Bunun yanı sıra insanlar otobüs ve trene binerek hiçbir izne tabii olmadan şehirler arası seyahat yapabiliyor. Bunu yasaklı gün ve saatlerde de gerçekleştirebiliyor. Komşu il Sakarya mesela, çok yüksek riskli iller arasında. Cumartesi ve pazar günü sokağa çıkma yasağı uygulanan bu ilden, cumartesi günü yasak uygulanmayan Kocaeli’ye, İstanbul’a ya da diğer illere bir akış olursa bu nasıl engellenecek?

Neresinden tutarsanız tutun kafa bulandıran, esnafı mutlu etmeyen bir açıklama idi dünkü açıklamalar. Özellikle de esnafların penceresinden bakacak olursak…

***

Yazımı, bir esnaf ağabeyimin anlattıkları ile tamamlıyayım, sonrası yorum sizin…

Bu esnaf ağabeyin kafe&restoran tarzı bir işletmesi mevcut. Birkaç dükkanın birleşmesi ile oluşan işletmesinde 2-3 kira, üste aidat, vergi ödüyor. Nargile ve oyun üzerine müdavimleri vardı koronavirüs salgını başlayana kadar…

Oyunun ve nargilenin yasaklanması ile ilk normalleşme sürecinde de ayakta kalabileceği bir kazanç elde edemedi. Kendini toparlayamadan ikinci bir kısıtlama dönemine girildi ve aylardır dükkanı kapalı…
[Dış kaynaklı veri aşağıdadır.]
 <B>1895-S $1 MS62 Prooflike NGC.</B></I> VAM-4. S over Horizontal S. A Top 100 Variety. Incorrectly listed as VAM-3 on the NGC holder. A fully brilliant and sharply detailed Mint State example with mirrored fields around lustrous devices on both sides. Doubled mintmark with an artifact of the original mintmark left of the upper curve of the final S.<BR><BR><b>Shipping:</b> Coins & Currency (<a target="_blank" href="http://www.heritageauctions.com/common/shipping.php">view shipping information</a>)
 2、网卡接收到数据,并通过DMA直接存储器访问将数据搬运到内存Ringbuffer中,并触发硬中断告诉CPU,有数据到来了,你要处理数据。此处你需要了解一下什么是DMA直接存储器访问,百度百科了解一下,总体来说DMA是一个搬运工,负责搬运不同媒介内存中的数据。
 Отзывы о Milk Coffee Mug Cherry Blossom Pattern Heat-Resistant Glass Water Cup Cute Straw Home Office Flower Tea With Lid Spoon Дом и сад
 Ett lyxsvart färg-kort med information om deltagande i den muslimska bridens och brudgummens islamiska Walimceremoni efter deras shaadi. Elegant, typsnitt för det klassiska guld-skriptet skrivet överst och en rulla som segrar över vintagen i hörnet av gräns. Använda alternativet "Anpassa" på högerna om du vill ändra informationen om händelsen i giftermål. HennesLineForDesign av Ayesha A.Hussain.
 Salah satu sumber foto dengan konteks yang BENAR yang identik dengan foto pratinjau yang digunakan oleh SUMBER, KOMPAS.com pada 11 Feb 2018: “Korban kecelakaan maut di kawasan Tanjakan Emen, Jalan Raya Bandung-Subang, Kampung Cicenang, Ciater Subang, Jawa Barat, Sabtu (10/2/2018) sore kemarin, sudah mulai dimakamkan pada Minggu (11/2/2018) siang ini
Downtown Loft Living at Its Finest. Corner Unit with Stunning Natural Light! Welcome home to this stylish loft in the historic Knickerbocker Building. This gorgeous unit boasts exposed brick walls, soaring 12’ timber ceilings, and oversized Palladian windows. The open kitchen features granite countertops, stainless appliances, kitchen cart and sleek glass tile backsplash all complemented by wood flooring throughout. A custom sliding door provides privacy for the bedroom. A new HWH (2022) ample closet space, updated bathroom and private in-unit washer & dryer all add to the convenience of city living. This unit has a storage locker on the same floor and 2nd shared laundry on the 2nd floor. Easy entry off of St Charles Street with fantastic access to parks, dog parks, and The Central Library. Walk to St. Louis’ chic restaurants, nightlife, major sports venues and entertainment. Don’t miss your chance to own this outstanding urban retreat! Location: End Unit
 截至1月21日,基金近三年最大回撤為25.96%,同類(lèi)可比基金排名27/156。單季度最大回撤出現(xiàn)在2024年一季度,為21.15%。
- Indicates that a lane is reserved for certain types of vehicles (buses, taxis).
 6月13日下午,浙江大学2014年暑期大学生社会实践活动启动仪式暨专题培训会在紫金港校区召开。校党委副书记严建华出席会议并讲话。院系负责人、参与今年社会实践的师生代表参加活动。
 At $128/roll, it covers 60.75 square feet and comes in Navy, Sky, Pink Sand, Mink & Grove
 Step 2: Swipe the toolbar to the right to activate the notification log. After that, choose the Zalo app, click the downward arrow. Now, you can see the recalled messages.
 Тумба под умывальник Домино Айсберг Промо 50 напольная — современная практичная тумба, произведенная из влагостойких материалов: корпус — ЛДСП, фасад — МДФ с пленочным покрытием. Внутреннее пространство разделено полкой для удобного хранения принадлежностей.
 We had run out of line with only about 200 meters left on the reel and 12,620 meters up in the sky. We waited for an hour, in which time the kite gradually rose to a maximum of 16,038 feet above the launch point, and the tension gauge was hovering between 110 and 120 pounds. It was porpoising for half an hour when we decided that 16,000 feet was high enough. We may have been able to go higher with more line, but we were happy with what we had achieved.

23 personeli varken şimdi 9 personeli kalmış. İşten çıkarmak yasak ama 1700 lira civarı bir parayla geçim olmayacağından 23 personelden 14’ü istifa etmiş. Kimi ailelerinin yanına dönmüş, kimileri farklı sektörlerde iş kovalamak için işten ayrılmış. Şimdi bu esnaf, kısa çalışma ödeneği de sona ereceğinden 9 personel ile saat 07.00-19.00 saatleri arasında işletmesini yarı kapasiteli olarak işletmeye çalışacak ve bu insanlara maaş ödemek mecburiyetinde olacak.

Pandemi döneminde 2,5 milyon liraya yakın kredi çekmiş toplamda. Geri ödemesi, faizle birlikte 3 milyon lirayı aşıyor. Şimdi aylık 76 bin lira kredi ödüyor. Bunun yanı sıra kira ödüyor, aidat ödüyor, vergi ödüyor, stopaj ödüyor, izletemediği maçlar için Digitürk’e para ödüyor, yasak olan nargilenin ruhsatı sürsün diye devlete yıllık nargile için 5-10 bin lira vergi ödüyor. Devletin açıkladığı bin liralık desteği dahi şu ana kadar alamamış, alanlara da çok az rastladığını söylüyor.

İşletmelerinin yarı kapasiteli ve saat 19.00’a kadar açılmasının kendilerine hiçbir katkı sunmayacağını, aksine personele maaş ödemek durumunda kalınacağından ve mülk sahiplerinin kirayı ödemeleri için direteceğinden daha da zora gireceklerini söylüyor.

Ve bu esnaf ağabey gibi sayısız esnaf var. Kredi faizleri uçtu…
Esnaf borçlu…
Evini geçindirmek zorunda olan personel perişan…

Peki nasıl olacak bu işler? Bu işletmeleri açmak yerine, kısa çalışma ödeneğinin bitirilmemesi, en az asgari ücret düzeyinde ödenmesi ve esnafa kira ve faizsiz kredi desteği sağlanması, pandemi bitene kadar, vergilerin kaldırılması daha mantıklı bir hamle olurdu…
Tabii bunu kaldıracak ekonomik güç varsa…
Yoksa da tamamen kaldırılması gerekliydi kısıtlamaların kanımca.
Allah esnafımızın yardımcısı olsun ne diyeyim.